There are a number of important churches in Bologna but the one that impressed us was Santo Stefano which is a complex of different churches, cloisters and courtyards. The complex contains a small chapel dedicated to Italian Airmen who have fought in wars and either lost their lives or have more recently passed away. The walls are covered with photos of these men many of which were only in their early 20's when they died .

Of course, the other thing Bologna is known for is food and it's all true, the food here is great. Some of the places we ate at were Ristorante Cesarina in the city centre, traditional Italian food, nice atmosphere and good value; Ristorante Bitone Enoteca, more up market but great service and food and beautiful décor (see photos below including one with the owner) and Il Sellaio, a fantastic pizza restaurant very close to our hotel.

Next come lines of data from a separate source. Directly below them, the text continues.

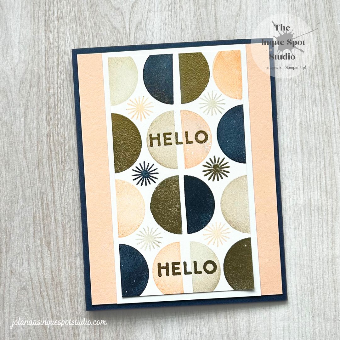 Hi again! Guess what? The “Man in Brown” came by and I have received a few new things, including the Summer Vibes stamp set. Yesterday, Facebook’s Stampin’ Through The Catalog was featuring this stamp set and I paired it up with Facebook’s SU! Colour (June) Palette for a fun simple stamping geometric card. Just Stamps,Continue reading “Sunshine Vibes – Geometric Hello”
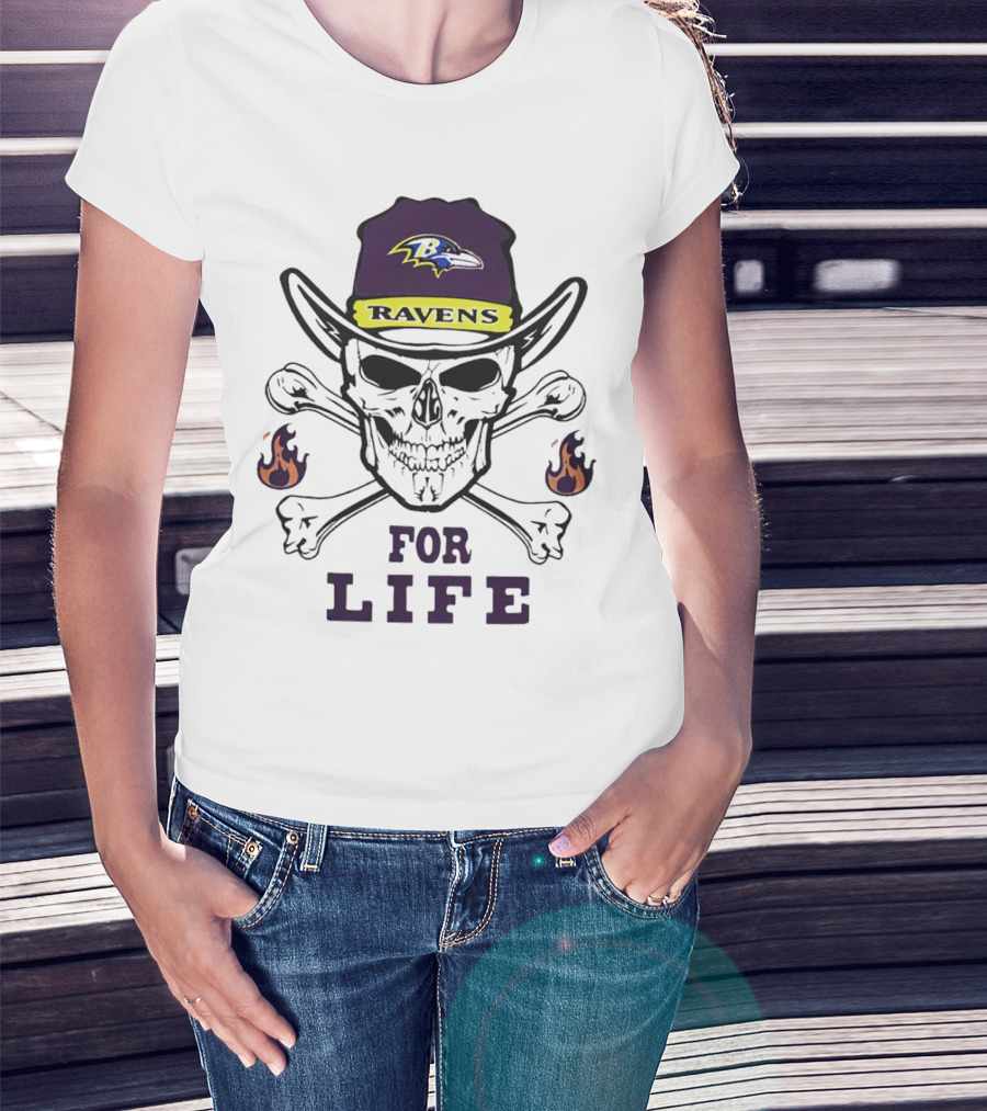 Baltimore Ravens Skull With Flames For Life T-Shirt
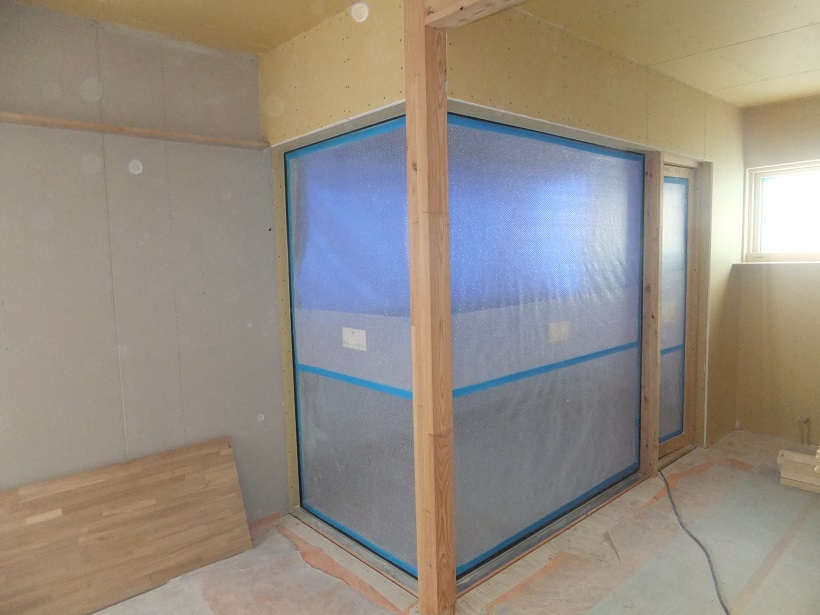 前回取り付けを行ったリビングのカーテンウォールまわりのボード貼り完了です。
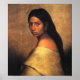 Portrait of a young Choctaw woman her body turned to the left, her head turned back to the front, and her gaze directed towards the viewer. She wears a pair of earrings and an off-the-shoulder garment made of animal skin. Her long dark hair is parted in the middle and falls down over her back, Oil on canvas, 30 x 25 in. Painted by P. Romer
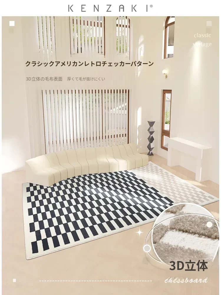 【カーペットクリアランス】リビングルームにぴったりの高級感あふれるフレンチチェックデザイン!厚手でレトロな雰囲気の寝室用マット。おしゃれなインテリアに最適!
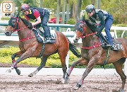 練馬師巫偉傑(Cody)好耐未試過戎裝上陣課馬,昨晨突然技癢親自操刀,替新轉倉馬「翠兒威威」考驗,拍廐侶「納百川」周俊樂快試砥礪,兩駒不分先後拍住衝過終點,鏡頭矚目。

One highlight of our stay was a walk to the Santa Luca Basilica. This is a church on top of a hill outside of the city which is reached along a 3.5 km portico straddling the hillside. This portico has 666 arches, too many steps to count and is about 350 years old. It took us about 2 hrs to walk to the top from our hotel although the actual walk up the hillside was about 1 hr. Great views from the top except of the old town - very clever these places, they build the churches so they get the best view and can sell you the postcards. The interior is spectacular and they actually allow you to walk right up to and through the high alter which is very unusual.

The other thing that has to be mentioned is the amount of graffiti all over the place but surprisingly it is not on the landmark buildings, it is mainly on shop shutters and the like. Some clever shop keepers have in fact had their shutters painted by graffiti artists so they are no longer targets.